Бывает цинизм-цинизм. А бывает игровая имитация цинизма, игра в цинизм. Путать одно с другим – то же самое, что путать автора с его персонажем. Это очень давнее и очень устойчивое заблуждение.
«Имитация цинизма есть игра с дьяволом, – ответил мне на это некий строгий собеседник, – которая является позволением дьяволу прийти в наш мир вновь! Лучше вообще не имитировать и не умножать сущности сверх меры». Вот прямо так.
«Можно, конечно, и так сказать, – ответил я. – А можно сказать и так, что осмеяние дьявола (извините, что с маленькой буквы) – чувствительный удар по его властным амбициям».
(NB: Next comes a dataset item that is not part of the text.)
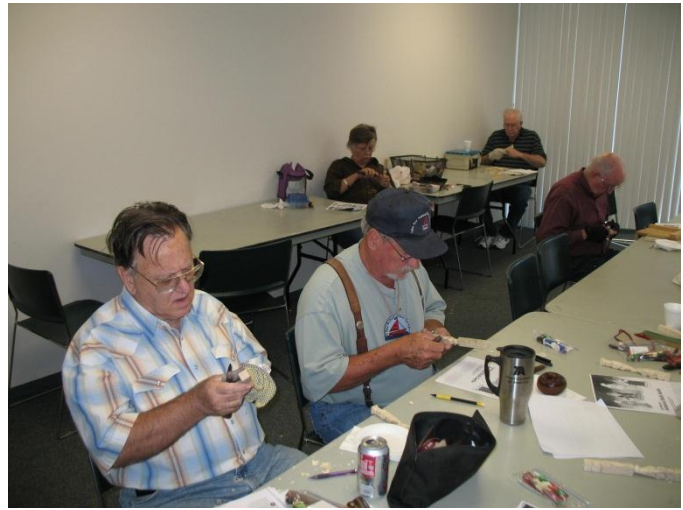
What did you say this was suppose to be?

Резюмируя не слишком продуктивную дискуссию, совсем коротко отвечу так. Всё – любое высказывание, любой жест или выражение лица, любая картинка, любая музыкальная фраза – все, что способно у меня, не у кого-нибудь другого, а именно у меня, со всем моим социальным, чувственным, интеллектуальным опытом, со всеми моими сложившимися к сегодняшнему дню нравственными и эстетическими представлениями о добром и злом, о красивом и уродливом, о смешном и несмешном, – все, что способно вызвать у меня улыбку, имеет безусловное и непререкаемое право на существование. Спорить на эти темы можно бесконечно, но ничего, кроме взаимного раздражения, эти споры не принесут. Потому что тут вступает в силу такой сугубо персональный фактор, как вкус – вкус эстетический, вкус нравственный, вкус поведенческий. И в общем-то, ничем иным, кроме этого фактора, мы не можем руководствоваться в своих высказываниях, поступках или оценках происходящего вокруг нас без риска утонуть с головой в дурной бесконечности.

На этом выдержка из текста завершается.